Cross-lingual age estimation: distinguishing child speech from adult speech
Heike Pauli
KU Leuven
Lukas Latacz
SAY IT Labs
Hugo Van hamme
Department of Electrical Engineering (ESAT), KU Leuven
For many applications, it would be advantageous to know which data is from children and which isn’t. Recently, Burkhardt et al. (2023) showed how to predict age and gender with models based on wav2vec 2.0. In preliminary experiments, we observed poor performance on child speech data, which might be caused by the small amount of child speech in their training data. Furthermore, the wav2vec 2.0 model is a heavy model with a lot of computational requirements.

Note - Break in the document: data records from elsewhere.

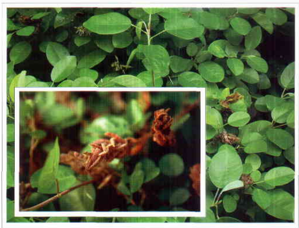
Plantas de Desmodium ovalifolium cv. Maquenque con inflorescencia y semillas.
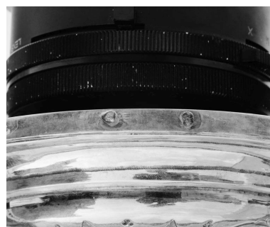
Détail de poinçons au bord du pied du calice. IVR26_19792100768X
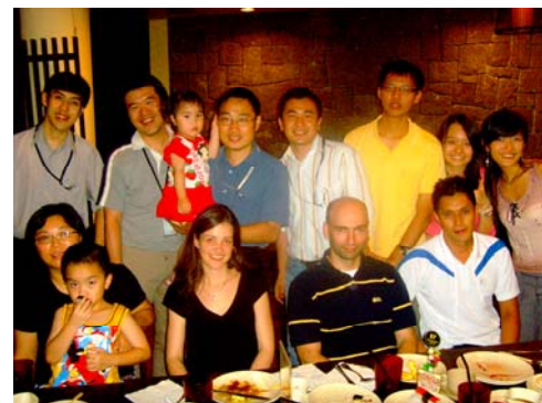
Abb. 3 Gemeinsames Abend-essen unserer Arbeitsgruppe im japanischen Restaurant Sakura

Das Institut ist sehr international geprägt, sodass man Mitarbeiter aus Asien, Europa und Amerika kennen lernen kann. Auf die Hierarchie wird in Singapur als asiatischer Staat großen Wert gelegt und sollte respektiert werden. Mein Projekt habe ich in der Arbeitsgruppe Biosensors and Devices bearbeitet. Das Interesse unserer Gruppe liegt darin neuartige Mikrochip-basierte DNA-Synthese-Verfahren zu entwickeln. Ich habe daher vorwiegend mit Bio-Ingenieuren zusammen gearbeitet, was einerseits herausfordernd und andererseits sehr hilfreich und lehrend war. Im Labor war es nicht einfach einen sterilen Arbeitsplatz zu schaffen. Mit der Einstellung neuer Mitarbeiter und Praktikanten wurde mein Arbeitsplatz von vier weiteren Personen genutzt. Als Studentin der Molekularen Biologie konnte ich meine Erfahrungen, Kenntnisse und Ideen gut in die gemeinsamen Arbeiten der Gruppe integrieren. Für Ratschläge standen mir alle jederzeit zur Hilfe und nahmen sich gegebenenfalls viel Zeit für mich. Die Zusammenarbeit in meiner Arbeitsgruppe hat mir sehr gut gefallen, allerdings waren die Interaktionen zwischen den
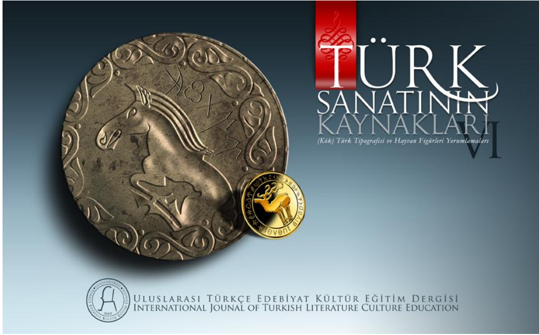
Türk Sanatının Kaynakları (Kök) Türk Tipografisi ve Hayvan Figürleri Yorumlamaları VI
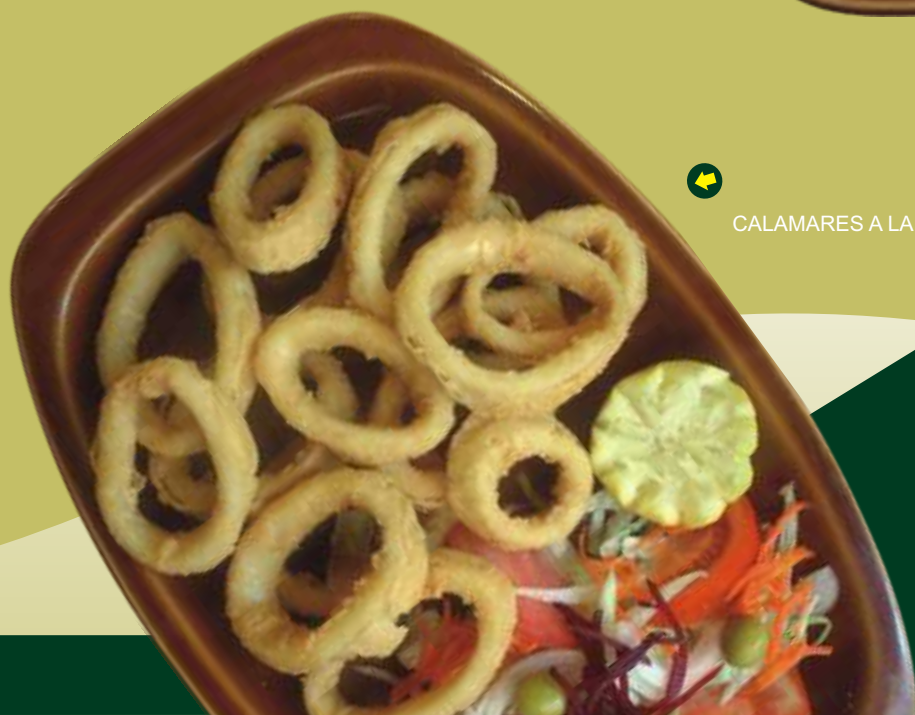
CALAMARES A LA ROMANA
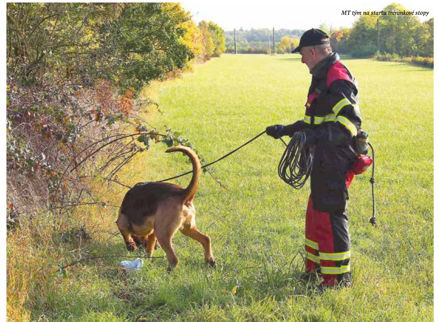
MT tým na startu tréninkové stopy

Kde je tedy problém? Má-li pes samostatně, podle svých nejlepších schopností co nejrychleji najít hledanou osobu, prostě všechna naše, lidská pravidla, podmínky, nařízení, požadavky, by úplně akceptovat neměl. Otázka totiž zní: Jak můžeme stanovit pravidla a předpisy na něco, čemu prakticky nerozumíme, co nemůžeme změřit, ověřit, potvrdit, ukázat, ohodnotit. Existuje něco jako praxe pachu? Zatím je to pořád nauka o teorii pachu. Tedy pouze tušíme, jak to ve skutečnosti může fungovat, ale prakticky to neumíme ověřit. Dobrý stopař, při hledání pachové stopy, hlavně používá své nezpochybnitelné genetické předpoklady, schopnosti a dovednosti získané
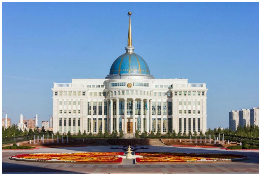
哈萨克斯坦总统府

独联体联合防空体系和独联体反恐中心成员国；为上海合作组织成员国，主张扩大组织成员国的军事交流；积极发展与美国及北约关系，扩大与其在军事领域的合作。
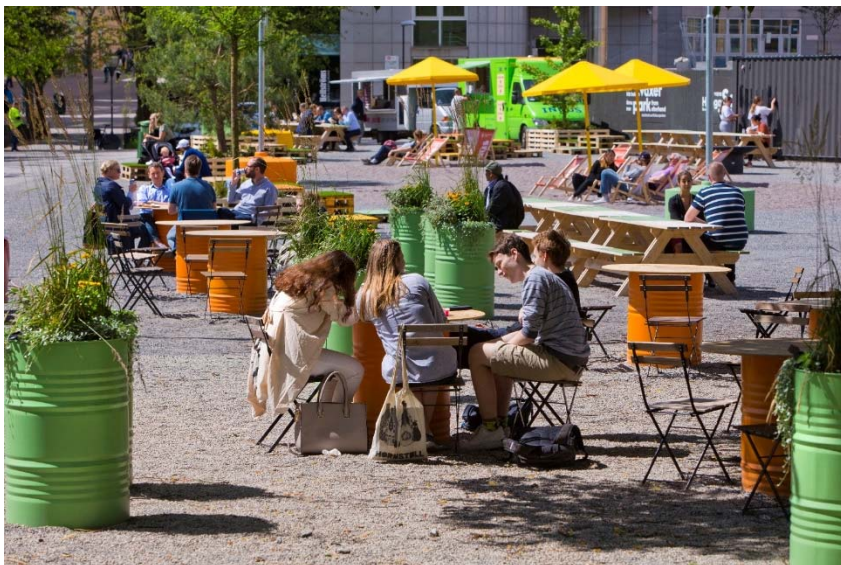
Figur 5. Popup-parken i Fatbursparken 2017 - 2018

Medan förberedelser pågår inför anläggande av den ”nya” parken har staden i samarbete med trafikkontoret och Södermalms stadsdelsförvaltning genom projektet Levande Stockholm projekterat och utfört en s k Popup-park norr om gångstråket i mitten av Fatbursparken under våren 2017. Parken invigdes i juni och kommer att vara på plats under vintern 2017/18 samt t o m sommaren 2018. Se figur 5 nedan.

We present an age classification model, built on top of speaker embeddings. Our best performing binary classification head, that can classify instances as either ‘child’ or ‘adult’, is a four-layer artificial neural network. As inputs to this classifier, we used 512-dimensional TDNN-based X-vectors, generated with pyannote.audio (Bredin et al., 2019). Our assumption is that these speaker embeddings might be able to capture the speaker’s characteristics across languages. To validate this assumption, we have trained our model on Dutch speech data and tested it on English speech data.
In our experiments, we used Flemish adult speech data from the CGN corpus (Oostdijk, 2000) and Flemish child speech data from the CHOREC corpus (Cleuren et al., 2009) as training data. Speakers were labelled as children if they were 12 years old or younger. The models were tested on Flemish speech data from the JASMIN-CGN corpus (Cucchiarini et al., 2008), which contains speech from children, non-natives and elderly people. The best performing model reached an F1 score of 0.87 and an accuracy of 90%. As expected, the majority of errors were caused by misclassifying speakers around the threshold age (i.e. around 12 years old). There were more adults being classified as children than vice versa.
Attempts were also made at building a multi-class classification model that predicts the classes ‘child’, ‘adult’ and ‘elderly’, as well as a regression model, that predicts the exact age. These models performed worse than the binary classifiers. For the multi-class classification model, this can be explained by a class imbalance for the ‘elderly’ class (older than 65 years). For testing in English, we used anonymised speech data collected from participants playing the Stutter Stars game, a video game for people who stutter. The speech data was randomly selected and manually annotated as either ‘child’ or ‘adult’. We balanced the test data by selecting a subset that contains a similar amount of adult and child speakers. Using our Dutch binary classifier, we obtained an F1 score of 0.83 and an accuracy of 79% on the English data. These results seem to confirm that our classifier has favourable cross-lingual performance to a certain extent.